When I read that post, I remember thinking, “I’m not sunshine in human form, but I strive to be some day.”

My Bloating Issues

There are a lot of reasons why I wasn’t sunshine in human form.

I was insecure, irritable all the time, and afraid to be myself.

And although there were several causes to this, one big factor was always my gut health.

I had chronic constipation from the time I was 2 years old. By the time I was 18, I was dependent on laxatives. At 19, I had a colonoscopy. By 22, I was getting violently sick most days. By 24, my stomach would bloat out like an inflatable pool toy almost every time I ate.

I hated how round my belly was all the time.

I hated how I could never rely on my body to look a certain way.

I hated how it affected my school, work, and social life.

But more so than anything else, I hated the lack of control I felt over my life.

back when my gut issues were worse, I used to DREAM of being able to throw on whatever I wanted & to feel comfortable. I used to will away hot weather because I wanted to hide my body in oversized sweaters. now that my gut health is so much better, I love feeling good in my body & no longer trying to hide!

Enter: Prebiotics

Around this time, I first started hearing about prebiotics.

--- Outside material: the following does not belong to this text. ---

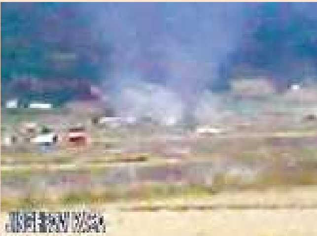
Nowhere to go: ဦးဒီယိုမှတ်တမ်းထဲတွင် ဖိုင်ကောင်းဒုက္ခသည် စခန်း မီးလောင်ကျွမ်းနေပုံ။

မြန်မာအစိုးရစစ်တပ်များ၏ ကျူးကျော်တိုက်ခိုက်မှုအန္တရာယ်မှ လွတ်မြောက်ရန်အတွက် တရုတ်နယ်စပ်သို့ ထွက်ပြေး တိမ်းရှောင်ခဲ့ကြသော ရွာသူ၊ ရွာသား ၃၀၀ ကျော်သည် တရားဝင်နေထိုင်ခွင့်လက်မှတ်နှင့် တရားဝင်ကာကွယ် စောင့်ရှောက်မှု မရရှိကြပဲ လူကုန်ကူးမှု၊ ခေါင်းပုံဖြတ်မှု အန္တရာယ်ကို ဆိုးဝါးစွာ ရင်ဆိုင်နေကြရသည်။

I remember thinking “wtf is this shit? I JUST wrapped my mind around probiotics, now there’s a whole new ‘biotic’ to learn about?!”

But boy am I glad I did…

Prebiotics are a type of fiber that your body can't digest, but they’re crucial for your gut health because they act as food for the beneficial bacteria in your gut. Unlike probiotics, which are live bacteria, prebiotics fuel the growth and activity of these good bacteria. Here’s why they’re so good for your gut:

  1. Feed Beneficial Gut Bacteria: Prebiotics, such as inulin, oligosaccharides, and resistant starch, pass through your small intestine undigested and reach your colon, where they become food for your gut bacteria. This process encourages the growth of beneficial bacteria, like Bifidobacteria and Lactobacilli, which support a healthy microbiome.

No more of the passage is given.